Back on the road toward Crossville, comfort of a different kind is touted in a barn-wall size billboard which shouts
Happy days are always here!
FAIRFIELD GLADE
Resort Community — Homes — Homesites — Town Homes
Visually, Fairfield Glade replaces Homestead’s earthiness with a certain ethereal quality. The Barbie and Ken plasticity of the Wilshire Heights Townhouses and the Towne Centre complex give way to a ticky-tacky monotony along the streets dotted with “single family shelter units.” With rare (and expensive) exceptions the only thing that distinguishes these houses is their remarkable similarity — an impression reinforced by the leapfrog pattern of their placement.
There is a kind of beauty and an undeniable attractiveness to the Glade. The crisp manicure of the golf course, lawns and open spaces, the omnipresent cleanliness, the studied similitude, the apparent isolation from the work-aday world, and the fingertip availability of facilities beyond the reach of most people combine to give the Glade a striking seductiveness. And this “beauty” was worth over $5 million in lot and home sales in 1978 (with S6.5 million projected for 1979).
The Homesteads began in hard times. By December, 1933, the Depression had touched every Cumberland Plateau village and farm. Everett Pippin cut a few railroad ties that summer — “when I could get the work” — for 50 cents a 10-hour day. “People were practically on starvation,” he recalls. “Young people can’t hardly imagine that times was ever that hard here.”
Roy and Edna Gossage were on strike against the Harriman Hosiery Mill. They had hoped that the Hosiery Mill jobs would get them back on their feet. “We had reunited the family,” Mrs. Gossage remembers. “Before we got the mill jobs I had my youngest daughter with me and was living with my mother. The other children were farmed out to our other relatives. ... I didn’t know when they hired me that they had to let somebody else go, but that’s when I learned there were 24 socks in a dozen.”
Working 12 hours a day for 25 cents an hour in a hot, smelly, dusty mill with no fringe benefits, no bargaining rights, no job security, and arbitrary firings soon got to the Gossages.
“They gave me preferential treatment because my mother knew the manager, but I saw too many foremen come up to someone and say ‘we won’t need you tomorrow.’ That was it. Women would sit at their machines and cry because they had children to feed. There wasn’t a thing they could do.”

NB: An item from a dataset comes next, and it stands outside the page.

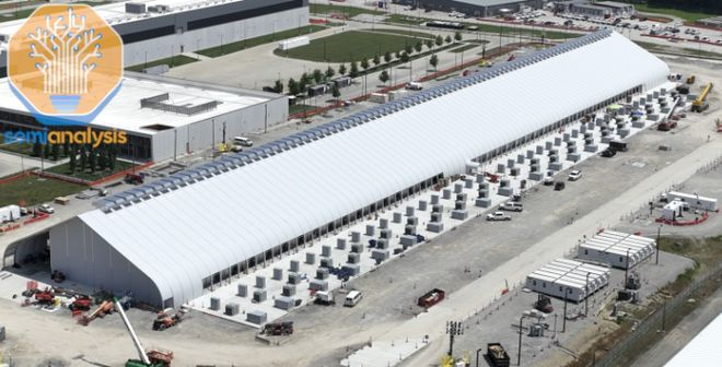 SemiAnalysis在报告中展示了Meta的临时数据中心结构,并指出Meta从预置电源及冷却模块到超轻结构,首要考虑因素都是速度,以实现数据中心的快速上线。

In October, 1933, they walked out, initiating the first attempt to have the National Recovery Administration’s Blue Eagle emblem pulled from a factory for refusal to bargain collectively.
Luther Hodge was also on strike — against the Fentress Coal and Coke Company in Wilder. “I went into the mines at 16 and worked solid for 15 years,” Hodge recollects. “I was making pretty good wages, $3.65 a day running a motor. The company cut wages once and tried to cut them again — that’s when we come out on strike. It didn’t hurt me too bad, but some of the boys was about on starvation. They just couldn’t make it on what they was getting. Men would come to work without breakfast and work all day with nothing to eat. Children was crying because they was hungry.”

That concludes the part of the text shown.